Read our coverage of the WPATH Files and our reporting on the contents of the Cass Report.

Here’s one example of medical scandal language misrepresenting what’s going on with gender-affirming care from Spiked:

Trans: the medical scandal of the century?

Another example, from the Telegraph, where the author blames “transgender ideology” for the supposed scandal:

Transgender ideology has created the biggest medical scandal of our generation

Unlike any other medical scandal in history, the “scandal” of providing puberty blockers or cross-sex hormones to transgender youth doesn’t feature any patients who’ve been harmed by the supposed scandal. To the contrary, the very patients who are supposedly the victims in the story have expressed dismay that all the scandal talk is threatening their access to treatments that improved their quality of life. 
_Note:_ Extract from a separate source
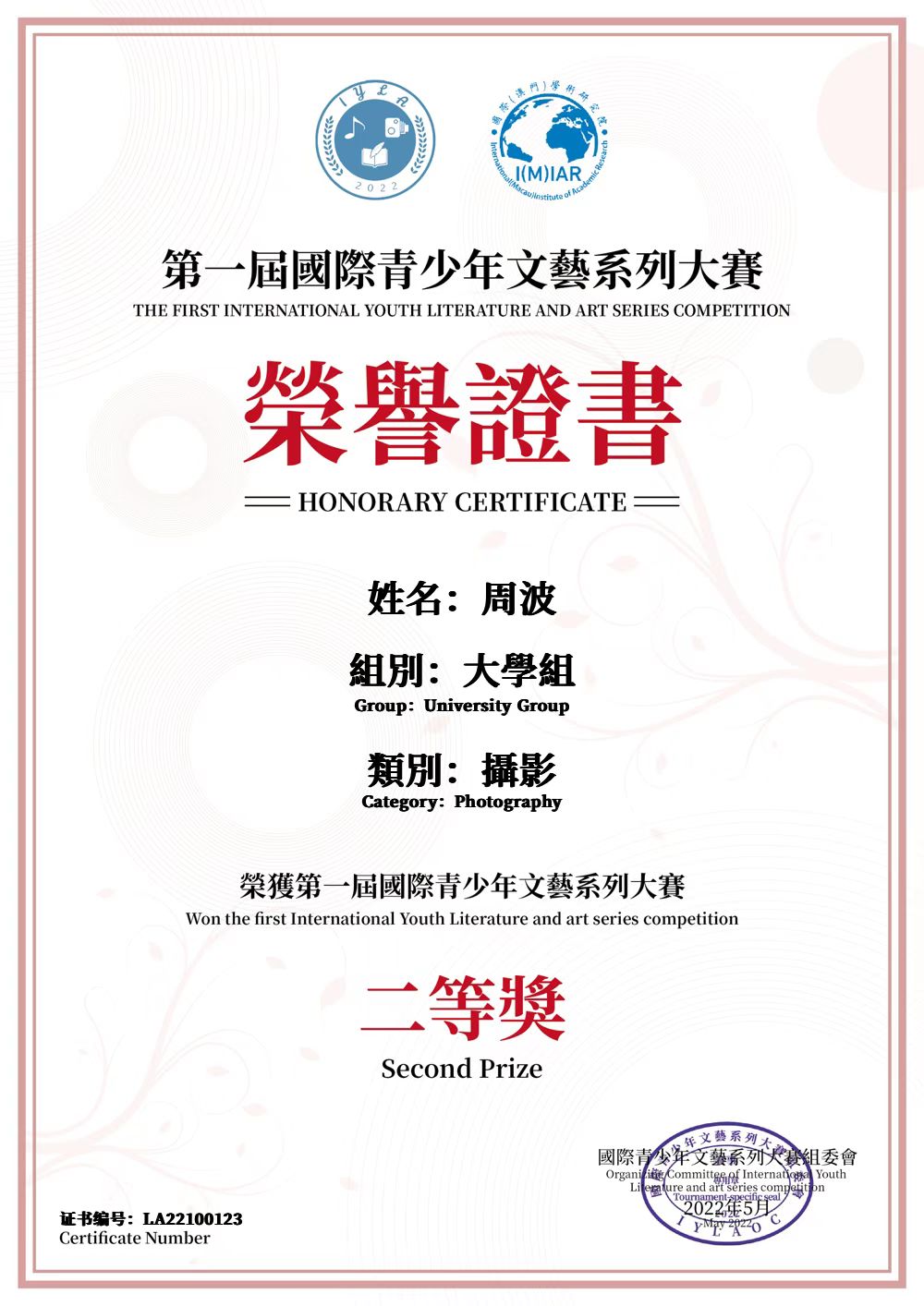 (海运学院 供稿)近日,从国际青少年文艺系列大赛组委会公布的《“国际青少年文艺系列大赛”初赛获奖名单——才艺类:摄影》的获奖名单中,海运学院航海技术215周波作品获得二等奖、航海191黄德锋作品(指导老师:吴成结)获得三等奖。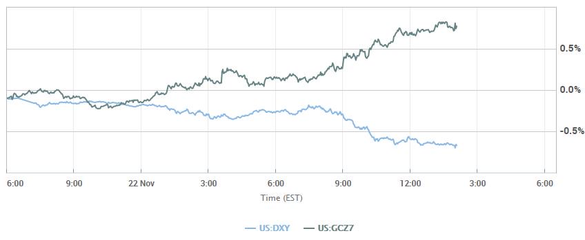 Με κέρδη έκλεισε σήμερα (22/11/2017) ο χρυσός, εν αναμονή των πρακτικών από την τελευταία συνεδρίαση της Ομοσπονδιακής Τράπεζας των ΗΠΑ (Federal Reserve, Fed), ενώ βρήκε στήριξη στην αποδυνάμωση του δολαρίου.

Anyone familiar with the history of journalism and medicine should know the contours of a medical scandal. Scandals happen when doctors or researchers ignore their ethical duties to patients and engage in behavior that harms them. One notorious medical scandal involved Black men with syphilis in Tuskegee, Alabama. In that scandal, a research study on syphilis began before good treatments were available, but after a very short time antibiotics became a standard, and very effective, treatment. Hundreds of study participants were not informed of this or offered treatment and instead watched by researchers as the disease destroyed their bodies. Most died as the result of these unethical research practices, and the larger Black American community was harmed irreparably by a severe and long-lasting loss of trust in the medical establishment.

Another well known scandal involved a fertility doctor who lied to his patients while inseminating them, secretly using his own sperm while claiming the sperm came from an anonymous donor. In that scandal, 11 of the people harmed spoke movingly at the doctor’s fraud trial about the betrayal and shock they felt at learning their children’s genetic father was their doctor. As you can see, the size of a scandal may be larger or smaller 

In the story about transgender youth healthcare, you won’t find hundreds of patients harmed by some malpractice or unethical behavior involving puberty blockers or cross sex hormones. In fact, it’s unclear if there’s one single family, in the whole world, where both the child and the parents agree there’s been some harm done from a minor transitioning. 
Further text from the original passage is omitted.